Cross your arms across your chest, make a fist, stretch forward and retract. Stretch your arms horizontally to both sides in front of your chest, straighten your hands, turn your body slightly to the left, and draw your left foot parallel to your left foot. Based on this action, repeat the correct action.

the second part

Put your hands together at the waist and abdomen, and your body will jump up, bend to the left, open your hands to your sides, and spread your feet.

the third part

Hold your palm on the ground, extend your right hand horizontally upward, and straighten your left foot forward. Support the ground leg with your left hand and jump out to the right. The right hand supports the head and legs straight and the heels fall to the ground.

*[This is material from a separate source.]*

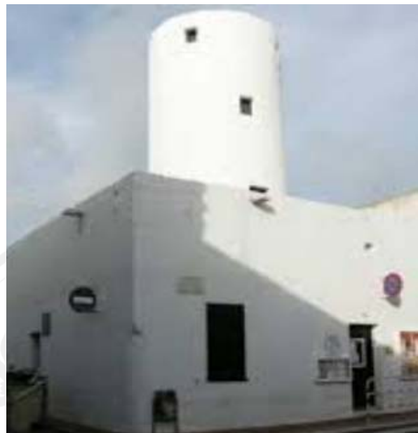
Molí de Baix
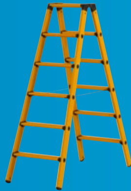
AVANTI GLASSFIBERSTIGER Godkjent til 90.000 volt (side 49)

Repeat the above actions in the opposite direction based on the same action. Pay attention to the use and coordination of strength, and master the control of speed and skill.

Section iv

Hold the ground with your palms, stretch your body backwards, bend your knees slightly, hold the ground with your forefoot, lift your left knee on the flat with your right foot, hold the ground with your left hand, hold your head with your right hand, rotate your body to the right, hold the ground with your right hand, and akimbo your left hand.

Section 5

Put your hands above your body, head up, legs straight, and your side is 50 degrees to the left. Take back your hands, tilt and rotate to the right, and extend your hands horizontally to both sides.

Section 6

Cross your hands at the waist and abdomen, jump up, jump up after landing, jump to the left, stroke your hands slightly to both sides, and bend your elbows slightly. Repeat in the opposite direction according to this action. Pay attention to the adjustment of breathing and rhythm when jumping. Relax and feel the rhythm when you jump.

Section 7

Draw outward with your right hand, then inward, turn right slightly, jump left, and draw a circle horizontally with your right foot centered on your knee on the inside of your leg (do it again in the opposite direction). Put your hands on your sides naturally, and your feet slowly jump left and right.

Transpose twice. Fall to the ground and stand with your legs akimbo. Repeat in the opposite direction on the basis of the above actions, pay attention to the coordination of the whole body, adjust your breathing, and land lightly and confidently.

Section 8

Lift your left foot, stretch it forward, then pull it back and cross your right foot. Knees down, right hand on the ground, right hand supporting the center of gravity, hands akimbo stand up.

Section 9

Cross your hands in front of your body, including your chest, bow your head and open your hands to both sides, take a step to the right and back with your right foot, and open your body slightly. On the basis of the same action, repeat in the opposite direction, pay attention to keeping your head down and chest up, and experience the feeling of going up and down.

Section 10

Hands straight, palms supported on the ground, legs extended backward to support the body, knees slightly bent, forefoot supported on the ground (if it is best to let palms off the ground and support with thumbs, this is the real posture requirement of street dance). Draw your right hand above your head, stretch your left foot to the right, cross your right foot, turn your head to the right with your left hand, support the ground with your left hand, and cross your feet twice or so.